« Ses cheveux étaient marron, j’en suis sûr », avance un des joueurs. « Ah non, moi, je les voyais noirs », s’oppose un coéquipier. Les autres gardent le silence : ils n’ont aucun souvenir capillaire du suspect. Pour le portrait-robot, ça commence mal…
Leur interlocutrice a le sourire. La dame est une vraie portraitiste de la gendarmerie. Elle sait la difficulté de l’exercice, même décliné dans le cadre d’un escape game. Elle aiguille les participants. « Homme ou femme ? Type ethnique ? Âge ? »
Peu à peu, le souvenir des deux photos affichées dans le couloir revient. Sur l’écran de l’ordinateur apparaissent la forme d’un visage, d’un nez, d’une bouche. Encore bien flous. « Voulez-vous qu’on lui mette un vêtement pour vous aider ? » Oui. Du coup, bizarrement, les détails ressurgissent. Les cheveux étaient mi-longs, les yeux plus rapprochés.
« Il y a des choses qu’une victime n’encode pas »
L’équipe s’extasie sur le travail réalisé. La gendarme en profite pour placer quelques explications sur la vraie vie d’un portraitiste enquêteur.
« Il y a des choses qu’une personne, surtout si elle a été victime, n’encode pas. J’ai l’exemple d’une Ligérienne qui avait été la proie d’une agression sexuelle. On a arrêté l’auteur le jour même. Il portait une barbe, elle ne s’en était pas souvenue lors de sa description à cause du stress. »
Des ateliers avec des gendarmes
La troisième édition de la Nuit du Droit à Saint-Étienne a été une réussite : 650 participants ont arpenté, jeudi 2 octobre, les couloirs et salles d’audience du palais de justice à la recherche d’un meurtrier. Menant l’enquête dans des conditions d’autant plus réalistes que plusieurs ateliers étaient animés par de vrais gendarmes.
Le portrait-robot, donc. Mais aussi les recherches de traces papillaires.
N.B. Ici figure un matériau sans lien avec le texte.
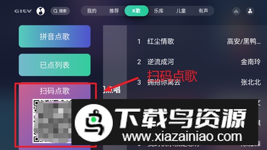 3. 留意左下角显示的扫码点歌二维码,使用手机打开qq音乐客户端扫描该二维码,即可通过手机进行点歌操作
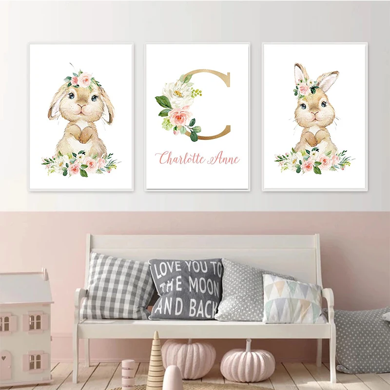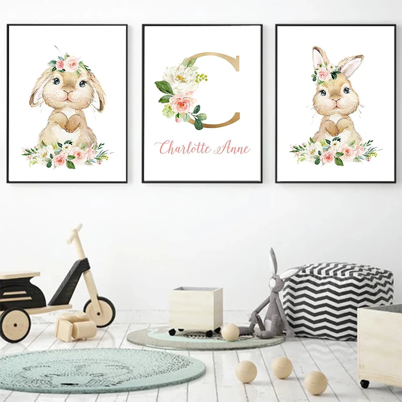 Мультяшные животные, кролик, холст, картина с именем на заказ, плакаты и принты, детская комната, цветок, художественная картина, печать, детская комната, настенное украшение
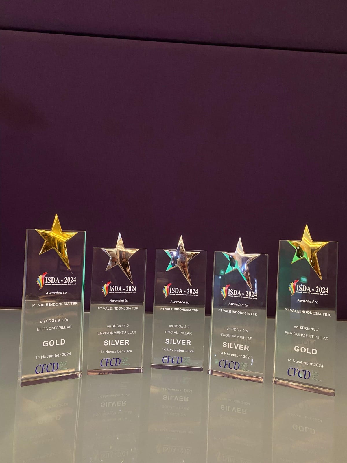 Apresiasi yang diperoleh PT Vale dengan diraihnya *lima penghargaan Indonesian SDGs Award (ISDA)*, yakni :
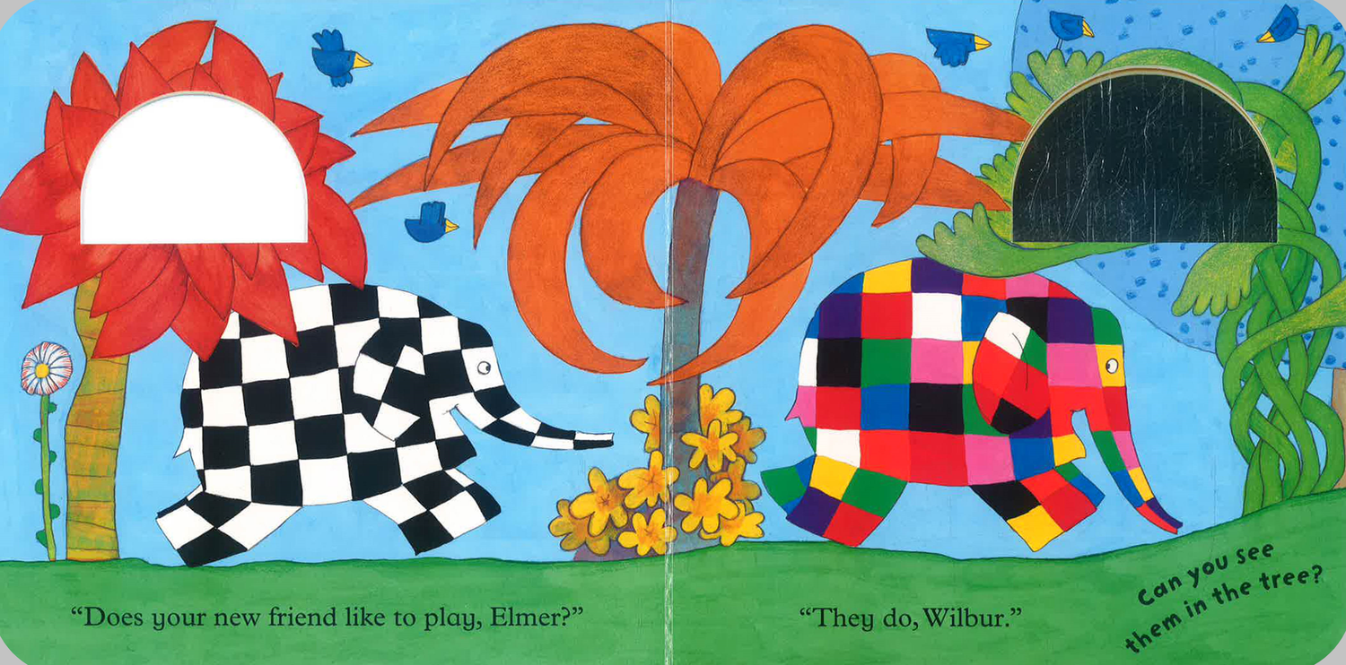 Help the animals guess who Elmer's new friend is in this sturdy board book with a mirror surprise at the end. Peek through cut outs on each page to catch a glimpse of Elmer's new friend - it's you! Babies and toddlers will love this bright and interactive introduction to the bright world of Elmer and his animal friends.
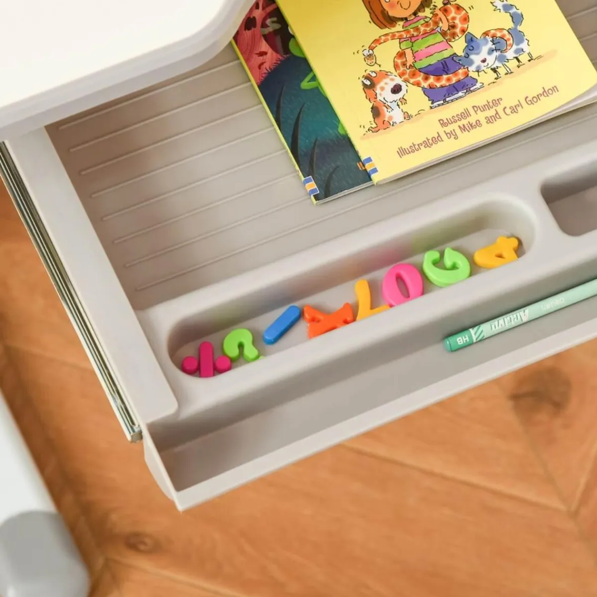 Homcom – Conjunto Pupitre reclinable + Silla Gris con lámpara. Este juego de escritorio y silla infantil es la opción ideal para los más pequeños. Con una estructura resistente y duradera, tanto la mesa como la silla tienen bordes lisos y redondeados para garantizar la máxima seguridad. La altura de ambos elementos se puede ajustar fácilmente para adaptarse al crecimiento de tus hijos. Gracias a su diseño sencillo, se integrará perfectamente en el cuarto de los niños y combinará con la decoración de tu hogar.
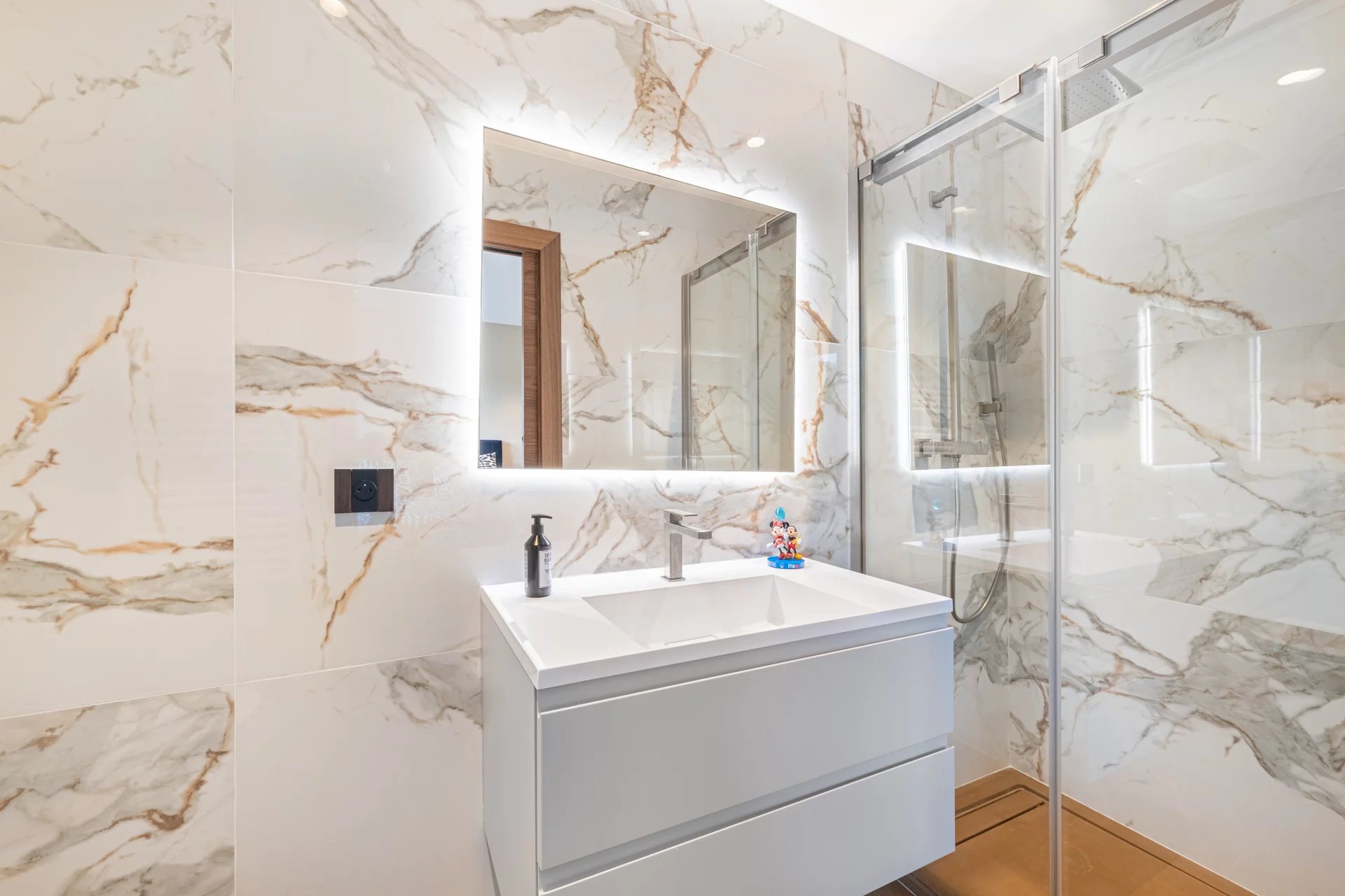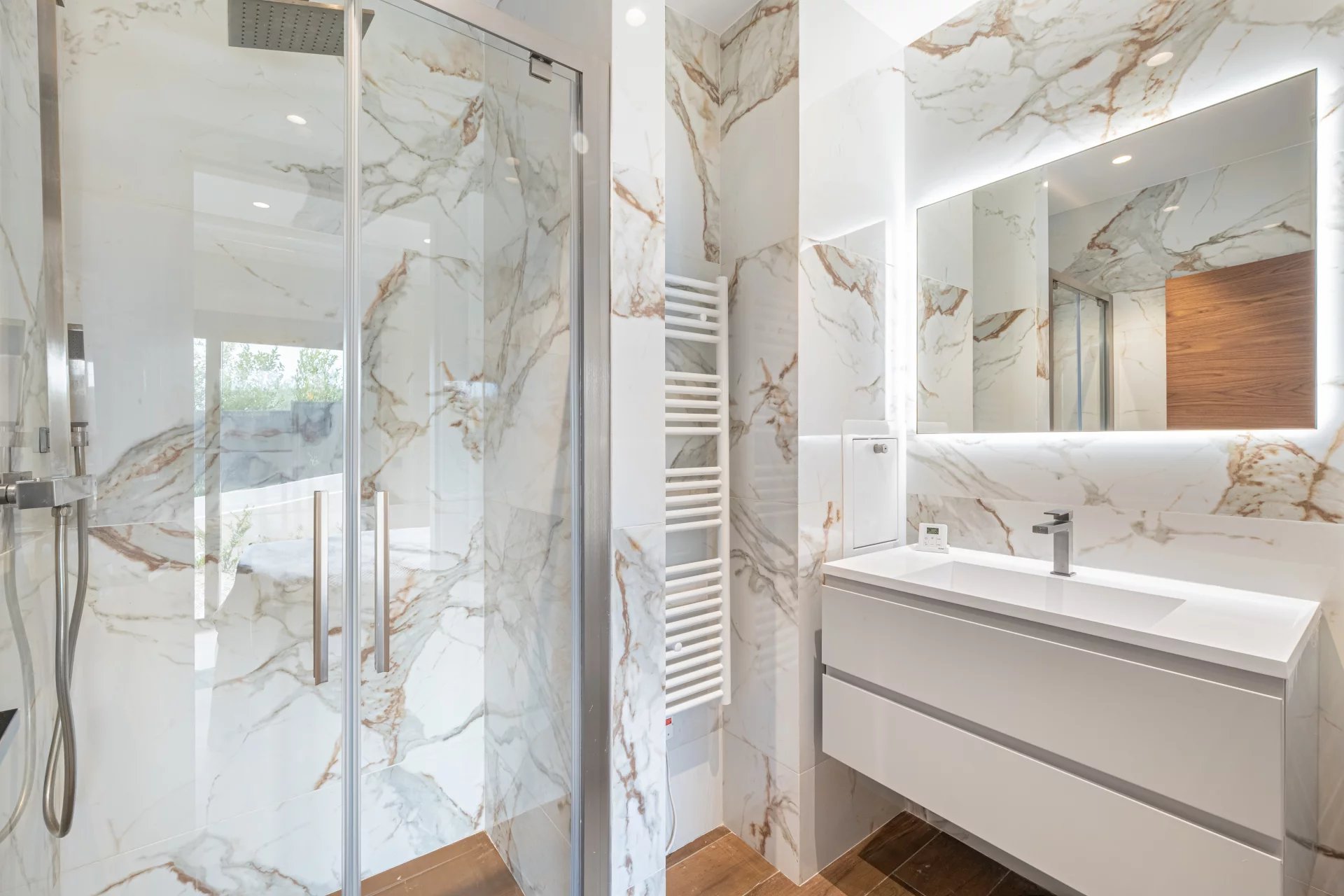 Hlavní apartmá, které je skutečně výsadním prostorem, se může pochlubit šatnou a rozlehlou koupelnou se sprchovým koutem a vanou. Velká soukromá terasa je kokonem klidu a soukromí.

Un gendarme TIC (technicien en identification criminelle) détaille les manipulations. « On utilise un pinceau et une poudre magnétique. On passe la poudre sur les empreintes qu’on a repérées à l’aide d’une lampe torche. Puis, on relève l’empreinte avec un scotch. »
Le professionnel s’affranchit de l’exercice avec dextérité. Le joueur qui tente de l’imiter est moins agile, d’autant que l’opération s’effectue obligatoirement avec des gants de chirurgie aseptisés…
Les Experts, mais à Saint-Étienne
À l’atelier de relevés d’ADN, même engouement. Les Experts, mais à Saint-Étienne. La gendarme intervenante fait monter la pression. « Cette arme a été saisie dans le cadre d’une perquisition. Nous allons l’analyser. Nous commençons toujours par l’ADN, car les produits utilisés risquent de dégrader le revolver. Ensuite, nous chercherons les empreintes digitales. La balistique permettra aussi de regarder si l’arme a déjà servi. »
Autre atelier captivant, le tapissage. Des quatre complices potentiels présentés derrière une vitre, un seul est vraiment impliqué. « Alors, votre suspect, il avait une moustache ? », demande un comédien policier. Hésitation. Fausse piste : ils en portaient tous une. Le coauteur à identifier était en fait… le plus grand.
Le quatuor d’organisateurs de la Nuit du droit (tribunal judiciaire, conseil départemental d’accès au droit, faculté de droit et barreau de Saint-Étienne) a rempli son objectif : faire découvrir aux citoyens la justice et les difficultés auxquelles elle est confrontée.
« Nous voulions être dans le juste par rapport à la murder party de 2023 qui était plus sensationnelle, explique Garance Damart, conceptrice du jeu avec ses équipes de 1909 Event. C’était une demande de la procureure, Anne Gaches, qui souhaitait une animation plausible sur le thème de la recherche de la preuve. » Pari gagné.
Au bout de la Nuit du droit, la coupable a été condamnée lors d’un procès animé avec talent par les étudiants en droit stéphanois. Les enquêteurs d’un soir sont repartis emballés. « Vous avez un travail très intéressant ! », lance un joueur à une gendarme. Qui, maligne, rebondit aussitôt : « On recrute si ça vous intéresse ! » Tout est dit. Ou presque. « Ben non, on ne leur a pas tout expliqué, avoue la professionnelle. On ne leur a par exemple pas dit comment éviter de laisser leurs empreintes… » L’apprentissage a quand même ses limites.